There are also domains for the Serialtest class :

    1. 00000042:66, the value of the Version field.

The next bytes is more interesting, the algorithm needs to describe the information of the contain class, remember, there is no description of the contain class (the class of this class domain):

    1. 0x73:tc_object, declares that this is a new object.
    2. 0x72:tc_classdesc declares a new class to start here.
    3. 00 07: The length of the class name.
    4. 6F 6E 6e:contain, class name description.
    5. FC BB E6 0E FB CB c7:serialversionuid, serialized ID.
    6. 0x02:various flags. Flag. This value declares that the object supports serialization
    7. 00 01: The number of fields within the class.

The only domain description of the output contain , int containversion=11;

    1. 0x49: Domain type. 49 means "I", which is int.
    2. 0E: Domain name word length.
    3. 6F 6E---6E-------------------6e:containversion
    4. A flag that 0x78:tc_endblockdata the end of the object block.

At this point, the serialization algorithm checks to see if the contain has a superclass and then outputs if any.

    1. 0x70:tc_null, there's no super class.

Finally, the actual field value of the contain class is output .
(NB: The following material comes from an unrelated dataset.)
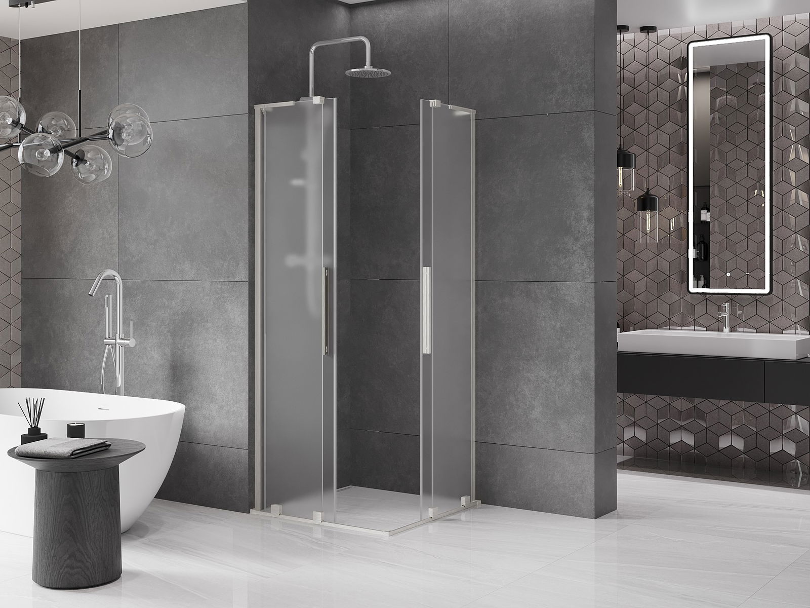 Mexen Velar L Duo sprchový kout posuvný 90 x 90 cm, matný, kartáčovaný nikl - 871-090-090-02-33-97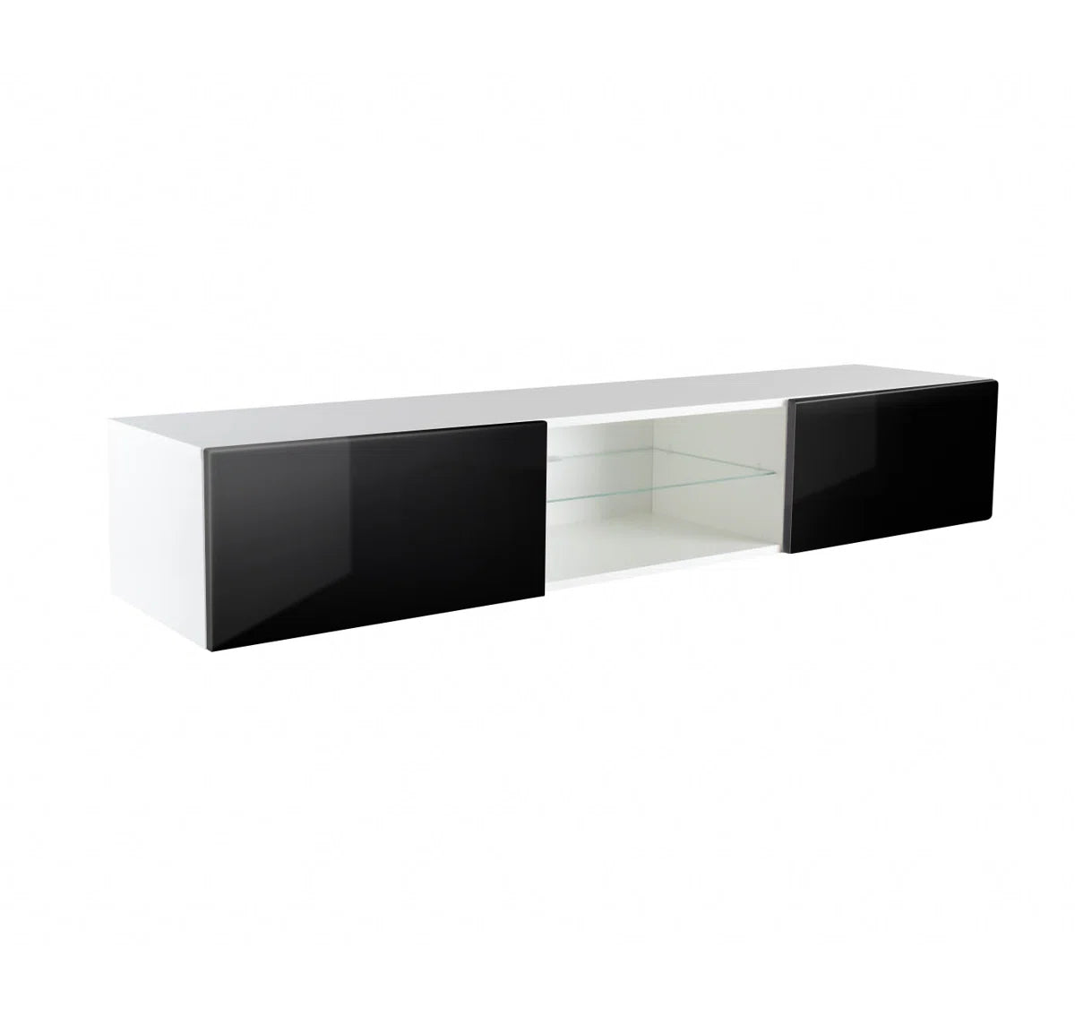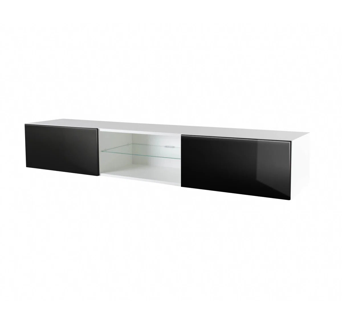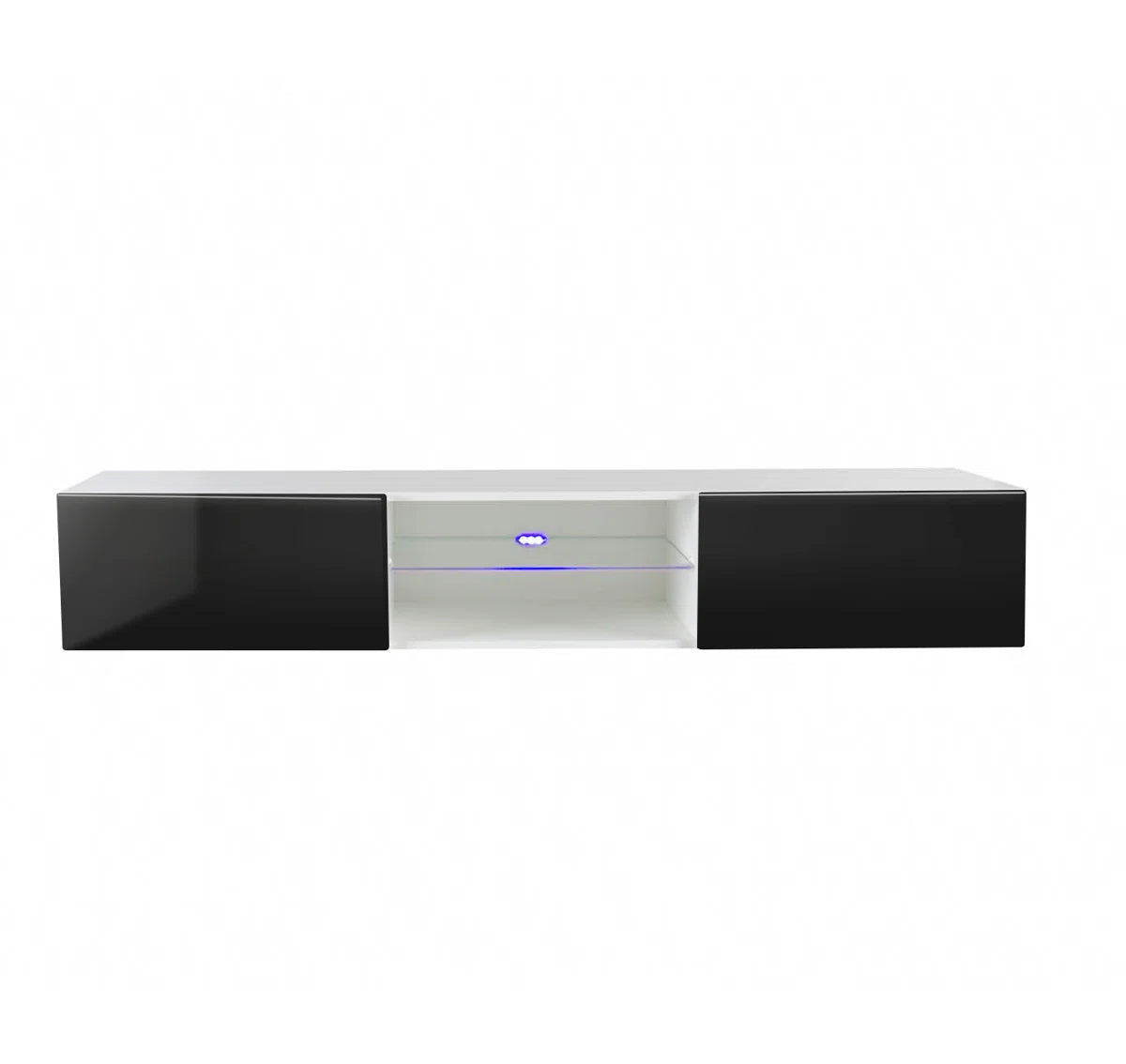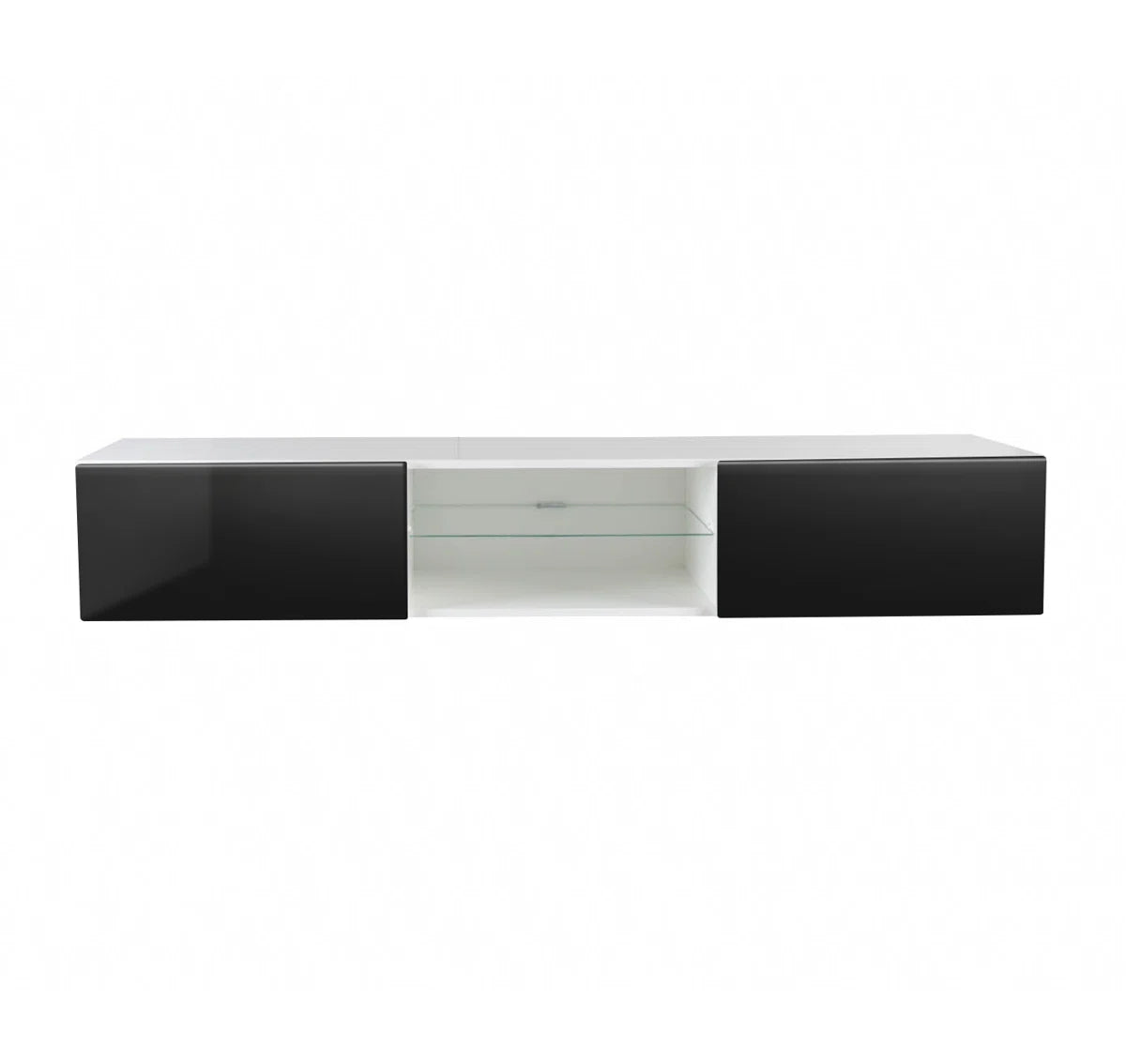 Bring a bold, modern statement to your entertainment space with the Jameson Media Shelf. Designed with a sleek black body and high-gloss front finish, this floating TV stand effortlessly enhances the aesthetics of any contemporary living room or bedroom. A central open shelf with integrated LED lighting adds a futuristic flair, perfect for displaying decorative pieces or housing your go-to electronics.

    1. 0000000b:11, the value of containversion.

Summarize:

The order of the Java serialization:

Description of this class-the description of the class---class description of the superclass--the value of the superclass domain----the value of the class domain (bottom-up and top-down)

Where a domain is a reference to an object type, its description follows the standard object signature notation of the JVM, whose value contains the description of the class that refers to the object and the description of the domain (and, of course, if there is a superclass, recursion of the above procedure).

Reference: "The Java Serialization algorithm dialysis"--longdick's Blog

Anatomy of the Java serialization mechanism

Related Article

Contact Us

The content source of this page is from Internet, which doesn't represent Alibaba Cloud's opinion; products and services mentioned on that page don't have any relationship with Alibaba Cloud. If the content of the page makes you feel confusing, please write us an email, we will handle the problem within 5 days after receiving your email.

If you find any instances of plagiarism from the community, please send an email to: info-contact@alibabacloud.com and provide relevant evidence. A staff member will contact you within 5 working days.

A Free Trial That Lets You Build Big!

Start building with 50+ products and up to 12 months usage for Elastic Compute Service

  • Sales Support

    1 on 1 presale consultation

  • After-Sales Support

    24/7 Technical Support 6 Free Tickets per Quarter Faster Response

  • Alibaba Cloud offers highly flexible support services tailored to meet your exact needs.